7.2.2 Controlling for confounding - take 3#

We introduce a third method here, genomic control, which is no longer widely used to control for confounding. It is however still used in some cases to measure the degree of confounding remaining in the data.

The idea of genomic control is to compute a statistic, \(\lambda_{GC}\), which measures the degree of confounding. Intuitively, a \(\lambda_{GC}\) value close to 1 means the no confounding (most p-values follow the null expectation), whereas a higher value indicates confounding.

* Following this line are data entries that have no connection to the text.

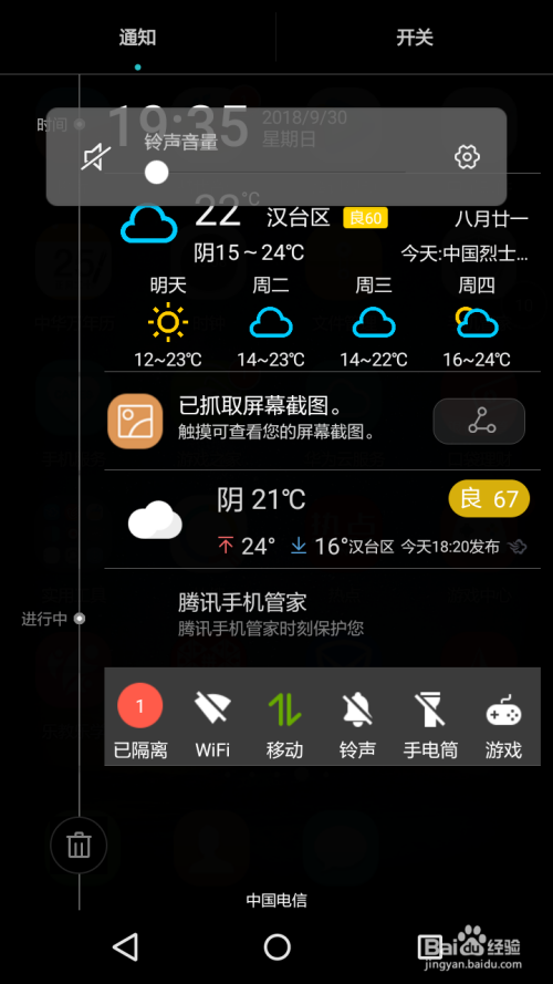 这时退出“手机管家”,就可以同时按住侧面的本家儿键和音量减小键截屏并保留了。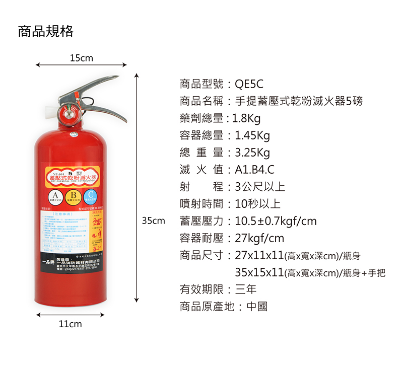 ◆產品規格.蓄壓式(附錶式).藥劑總量:1.8公斤.容器總量:1.45公斤.總重量:3.25公斤.尺吋:35(高)x15(寬)x11(深) /(公分).滅火值:A1.B4.C.射程:3公尺以上.時間:10秒以上.蓄壓壓力:10.5+_0.7kgf/cm.容器耐壓:27kgf/cm.有效期限:三年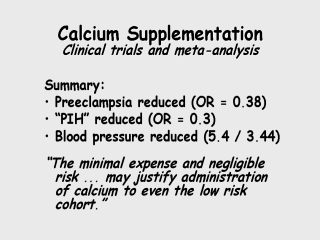 meta-analysis, preeclampsia was reduced by about half. Increases in blood pressure, which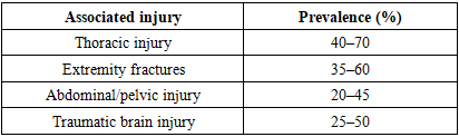 Associated injuries were highly prevalent. Thoracic injuries were reported in 40–70% of patients, extremity fractures in 35–60%, abdominal or pelvic injuries in 20–45%, and traumatic brain injury in 25–50%. These associated injuries were major determinants of ICU admission, mechanical ventilation, and overall morbidity.Table 3. Associated injuries  |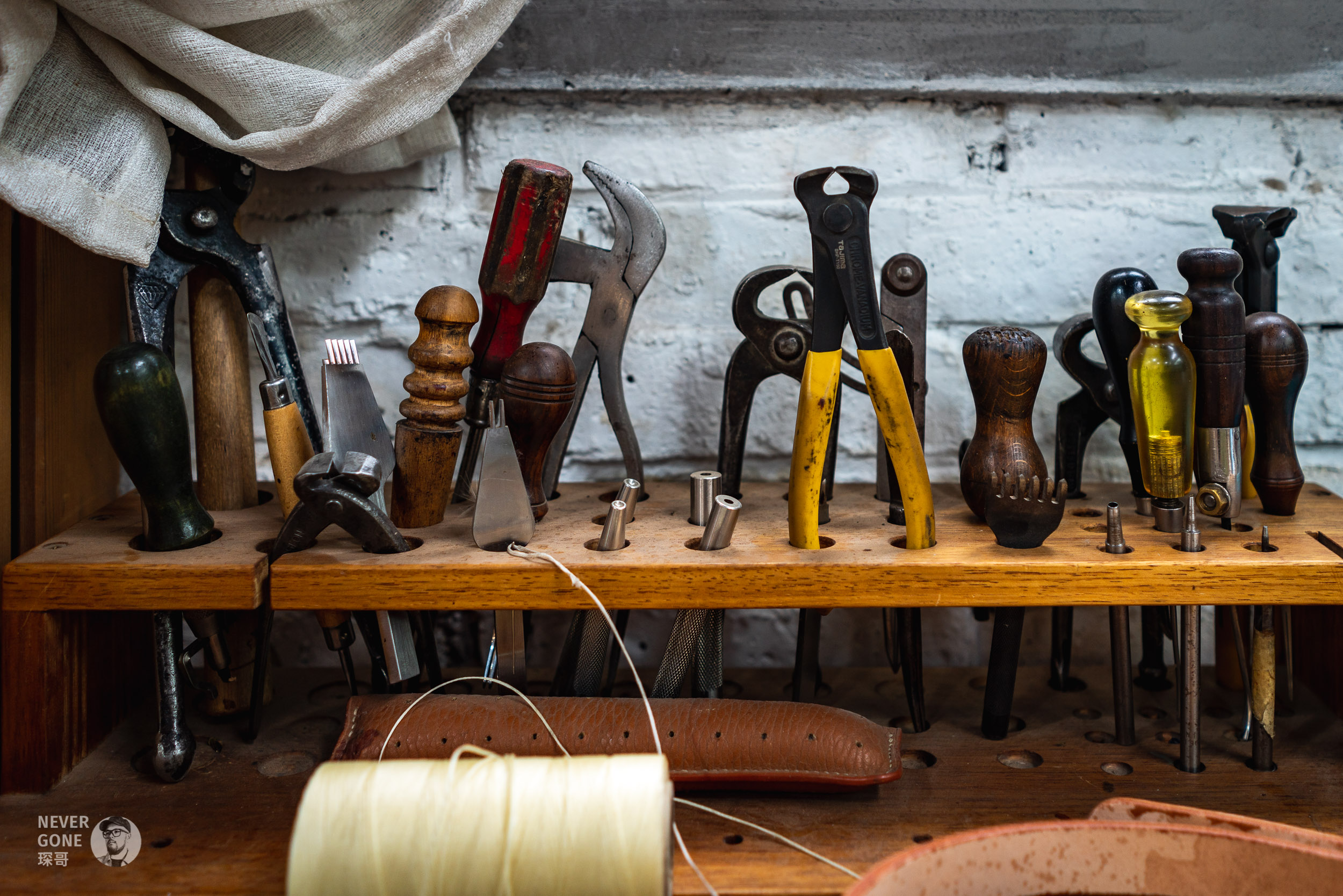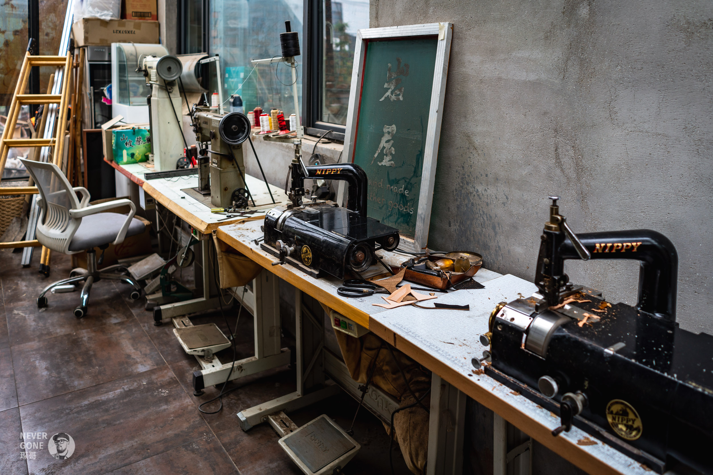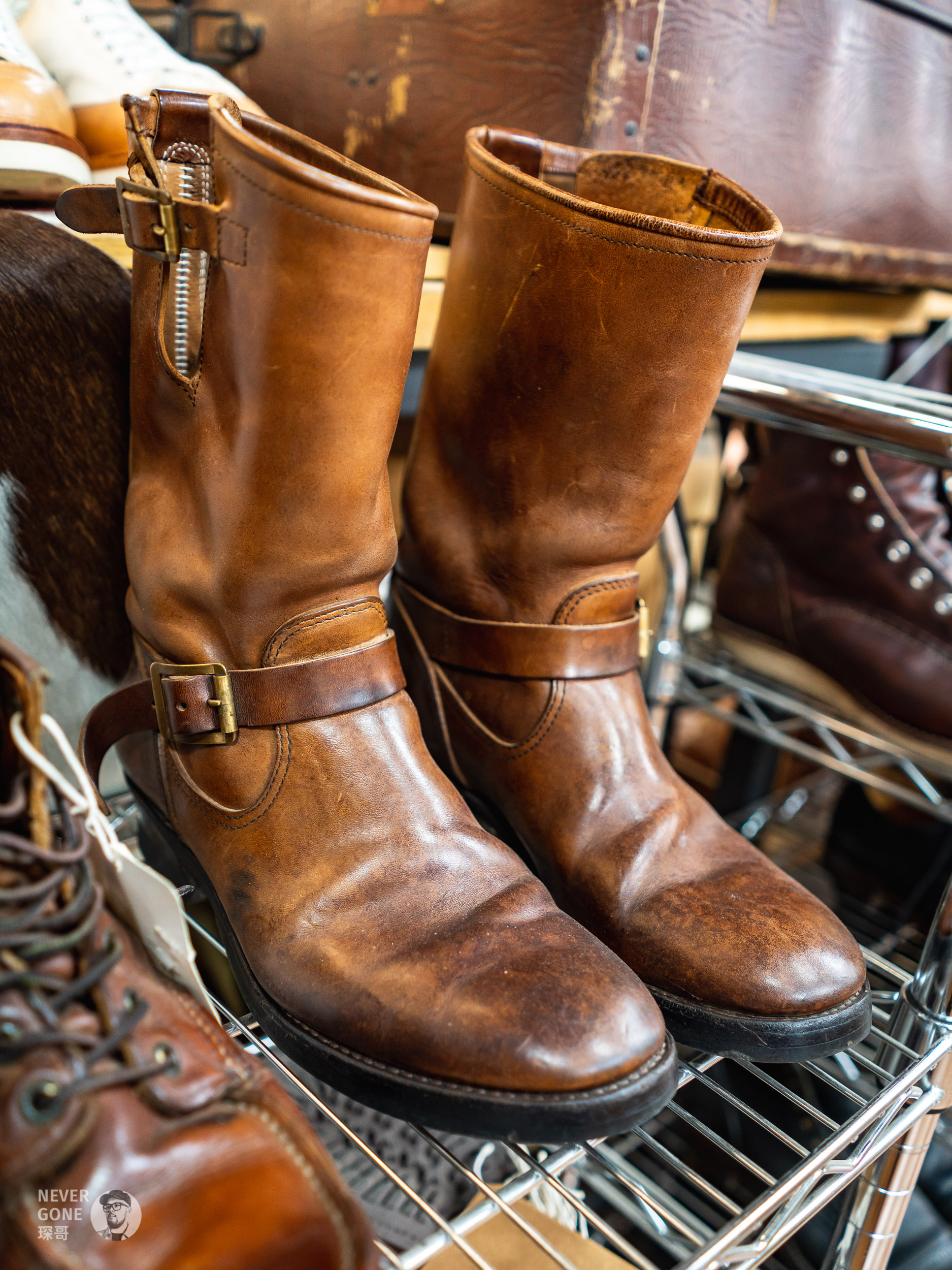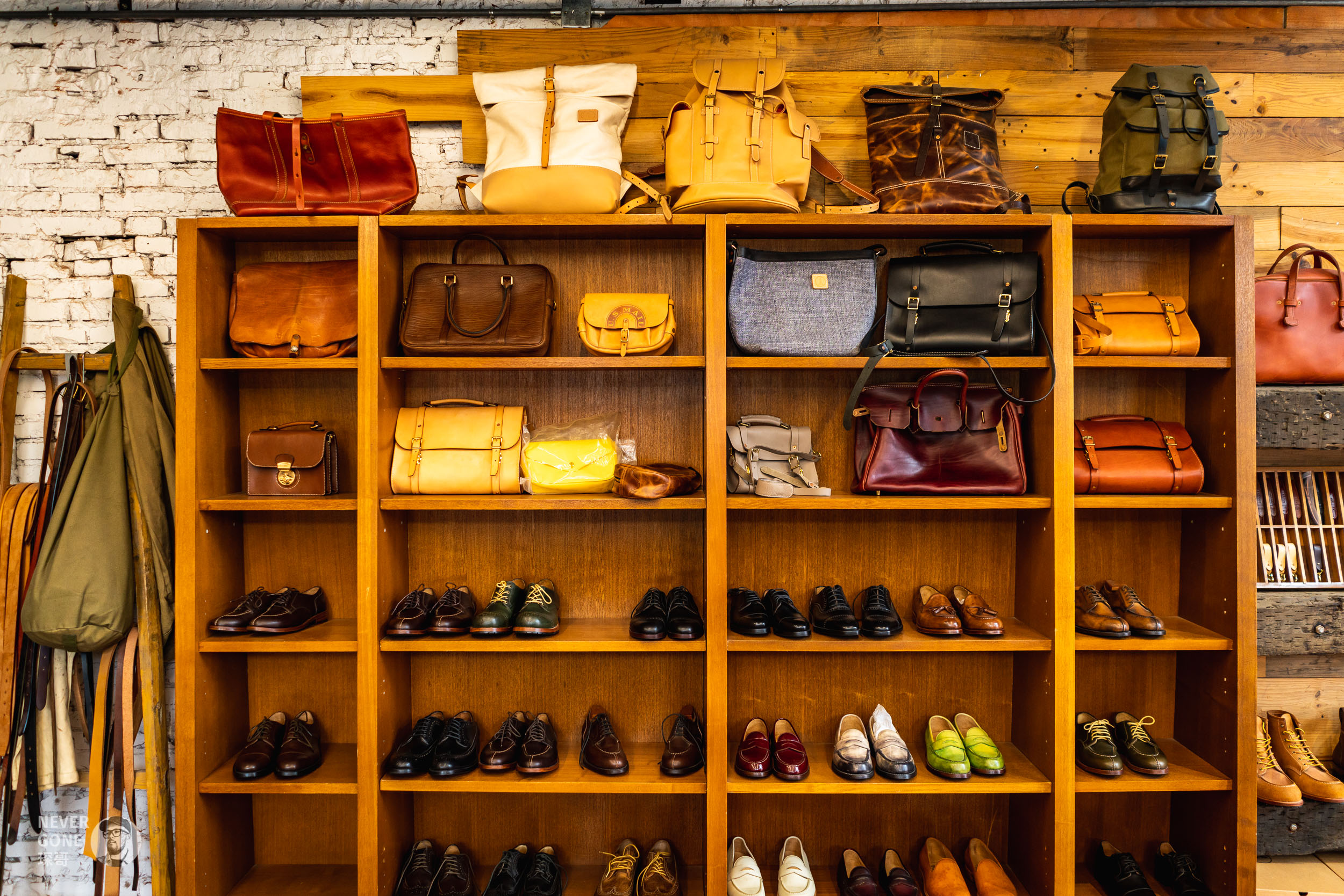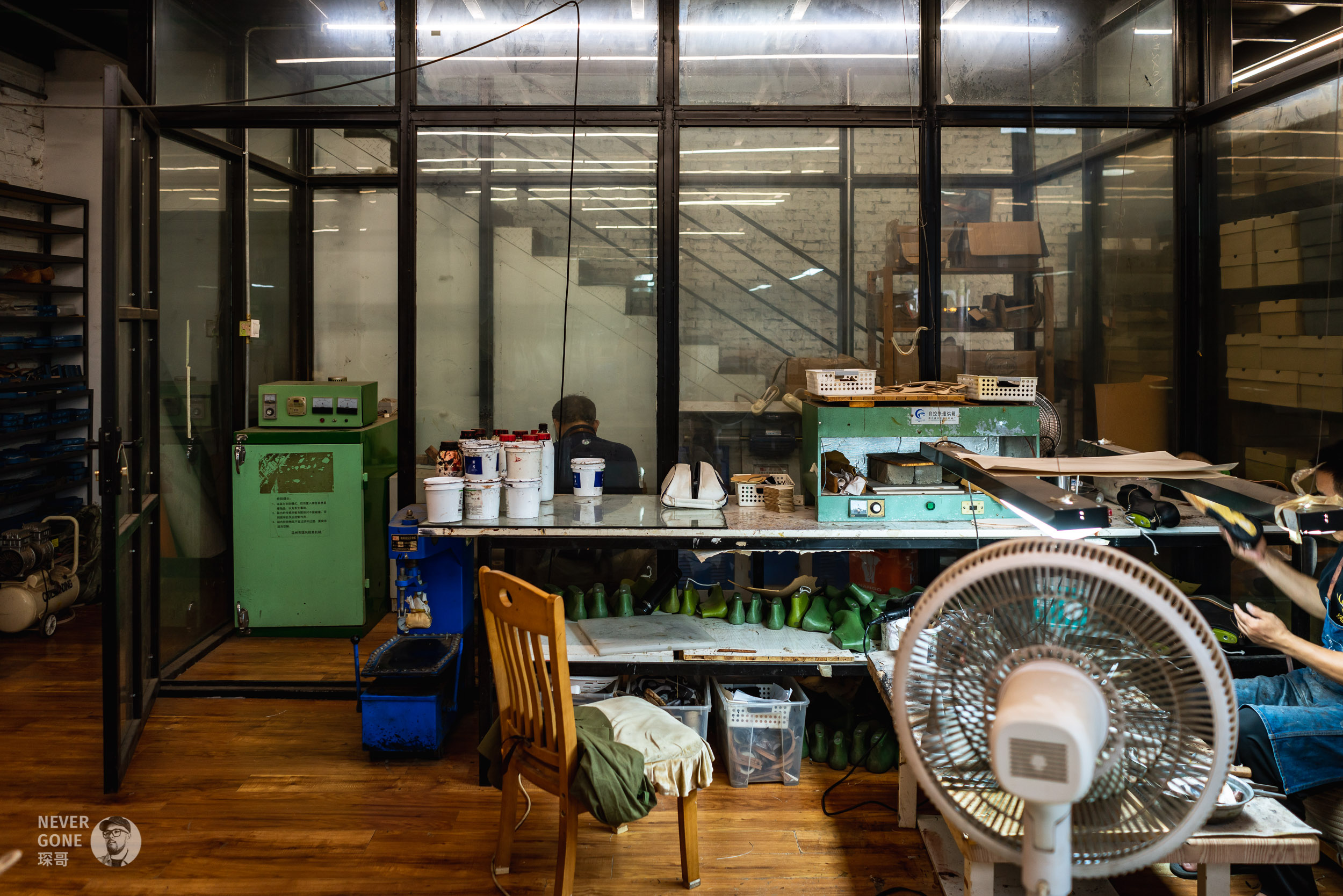 这个地方是前店后坊,一共有2层楼,地方挺大的,每层将近200平米,一楼是成品+工坊,2楼是仓库。整体弄的非常不错,挑高很高显得很大气,随手一拍就很出片。首先,一进去就是一面墙的靴子与包

The steps to compute it and adjust statistics are as follows:

  1. For each SNP, compute the Armitage trend statistic: \(A_j = N\beta_j^2\). Here \(N\) is the sample size and \(\beta_j\) is the effect size for SNP \(j\). (This value turns out to be related to the -log10 Pvalue).

  2. Under the null, \(A_j \sim \chi^2(1)\). i.e. the trend statistics should follow a chi squared distribution with 1 degree of freedom, which happens to have a median value of 0.456. We compute:

\[ \lambda_{GC} = \frac{median(A_1, ... A_m)}{0.456} \]

to measure inflation (how much bigger is the median than expected under the null?)

  1. You could use the estimated \(\lambda_{GC}\) to adjust the association statistics:

\[ A_j' = \frac{A_j}{\lambda_{GC}} \]

This adjustment forces the median of our association statistics to be what is expected under the null. Note, this method doesn’t make any assumptions about what is causing confounding. It simply justs adjusts summary statistics to be less inflated.